2. Only natural individuals who meet the criteria expressed within this AGREEMENT may USE this DOCUMENT.


3. YOU are not an AGENT, or family member or domestic partner of an AGENT, of the AFL-CIO, Service Employees International Union, Disney Enterprises, Inc., The Walt Disney Company, The County of Los Angeles, or any of the affiliates, agents, associates, clients, departments, divisions, subsidiaries, or suppliers thereof, including, but not limited to, The Walt Disney World Company, Walt Disney Attractions, Walt Disney Parks and Resorts, The Disneyland Resort, Disneyland Park, Disneyland Resort Security, Disneyland Resort Internal Investigations, Disneyland Theme Park Operations, Disneyland Operations Services, and Disneyland Guest Services, the County of Los Angeles, The County of Los Angeles Department of Public Works, the County of Los Angeles Department of Agricultural Commissioner/Weights and Measures (or any other entity of any sort) who will, intentionally or not, directly or not, use the CONTENT contained within this DOCUMENT against KEN PELLMAN for any sort of formal or informal RETALIATION, or to demote KEN PELLMAN or deny KEN PELLMAN any sort of transfer, promotion, contract, or employment, or in any way, shape, or form STORE AND/OR SHARE this DOCUMENT in any form, in total or in portion for such purposes, or will, intentionally or otherwise, in any way STORE AND/OR SHARE this DOCUMENT with, to, or for any person, entity, or agent who is such or will do so. If YOU are such an individual who has been presented any of this DOCUMENT in any form or part, you will completely and thoroughly destroy and/or erase YOUR copy and not, in any way, shape, or form, STORE AND/OR SHARE this DOCUMENT in total or in part to or with any other entity.
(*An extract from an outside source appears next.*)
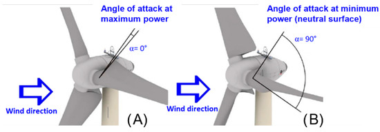 The following figure (Figure 2) shows the two basic angles (positions) of rotation of the blades. Figure 2A shows the normal position during operation. When the wind is fully utilized, the turbine produces the most power. The angle of the turbine blade corresponds to the value α = 0°. The second position can be seen in Figure 2B. In this case, the turbine blades are rotated at an angle α = 90°. It is a neutral position [11]. The turbine rotor does not move or moves only very slowly [12]. This means that even in the case of wind, the turbine power is minimal. In the range of these two angles (positions), the turbine blades can rotate and, according to this rotation, are able to regulate the power according to the requirements of the network.

4. YOU may only: download one copy of the DOCUMENT on any single computer for your personal, private, non-commercial use only, provided you keep intact and unaltered all copyright and other propriety information and have agreed to and will abide by and will not violate this AGREEMENT or any of the provisions, clauses, phrases, or portions of it in any way.


5. KEN PELLMAN is not a party to any conspiracy regarding the number of hot dog buns in a package in comparison to the number of hot dogs in a package, nor will he reveal the secret formula for Coca-Cola Classic.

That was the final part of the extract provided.